Buku ini mengkaji berbagai isu kontemporer melalui pendekatan fikih klasik, merujuk pada literatur ulama salaf serta kitab-kitab mu’tabar. Untuk mempermudah pembaca, penulis melengkapi buku ini dengan QR code yang merujuk pada penjelasan tambahan dan referensi pendukung. 

Secara struktural, buku ini terbagi menjadi enam bagian utama: 

Bagian Satu: Edukasi

Membahas penggunaan software Al-Quran, pembelajaran Al-Quran daring, kajian online, dan ketergantungan pada mesin pencari seperti Google.

Bagian Dua; Virtualisasi Ibadah

Menganalisis fenomena salat Jumat virtual, zakat, kurban modern, pernikahan online, serta aplikasi penunjuk waktu salat dan arah kiblat.

Bagian Tiga: Revolusi Bisnis

Mengkaji hukum jual beli melalui marketplace, cryptocurrency, dan sistem payLater.
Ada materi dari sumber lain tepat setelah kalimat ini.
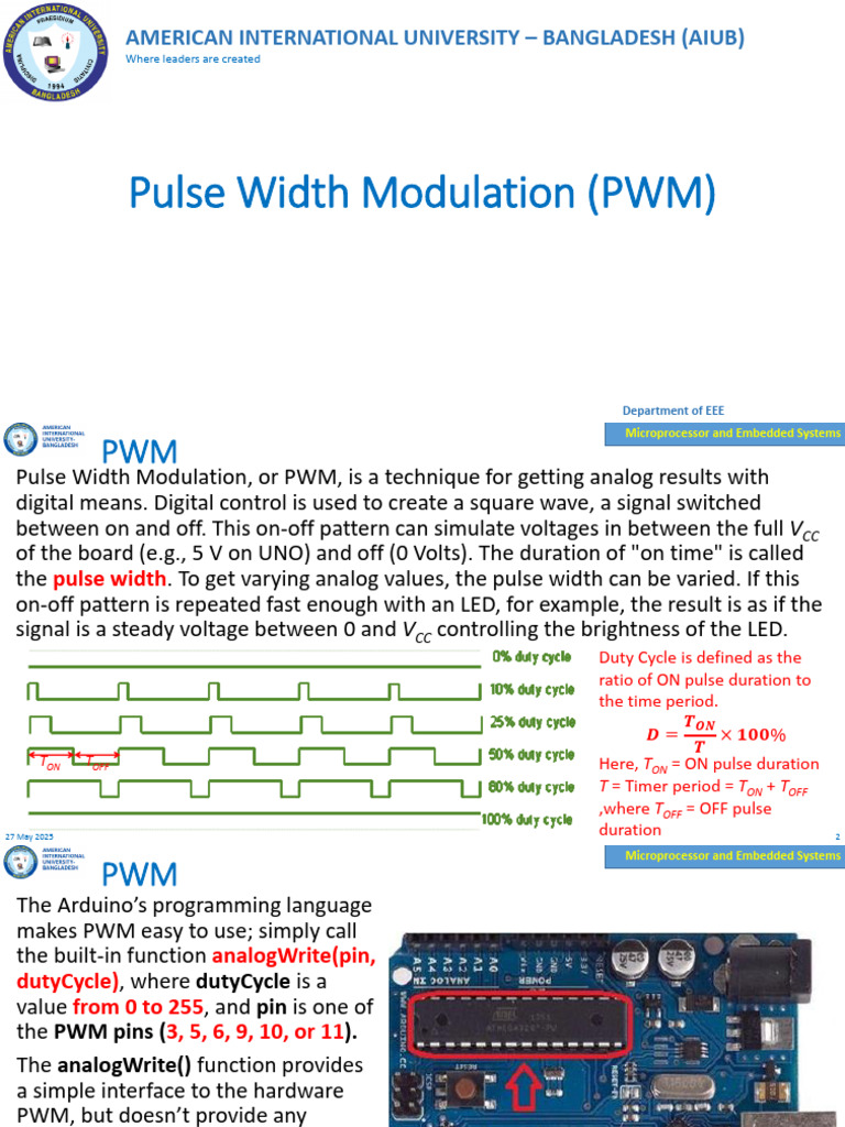 of the board (e.g., 5 V on UNO) and off (0 Volts). The duration of "on time" is called

Bagian Empat :Kultur Digital

Membahas interaksi virtual dengan lawan jenis, etika bermedia sosial (like, follow, subscribe), fenomena flexing, parodi dan meme, game online, serta dampak amal dan dosa di dunia maya.

Bagian Lima: Kejahatan Siber   

Mengupas masalah hoaks, black market, plagiarisme dan hak cipta, pornografi, hacking, cyberbullying, hate speech, judi online, dan penggunaan VPN.

Bagian Enam : Paradigma Dakwah di Internet

Menelaah radikalisme di internet, dakwah di media sosial, prinsip amar makruf nahi mungkar dalam ruang digital, serta fenomena clicktivism dan kritik terhadap pemerintah.

Lalu selanjutnya, buku ini ditutup dengan Epilog dan Bibliografi sebagai penyempurna. Kehadirannya diharapkan dapat memberikan pemahaman komprehensif mengenai batasan-batasan syariat dalam berinteraksi, bertransaksi, dan beribadah di dunia digital. 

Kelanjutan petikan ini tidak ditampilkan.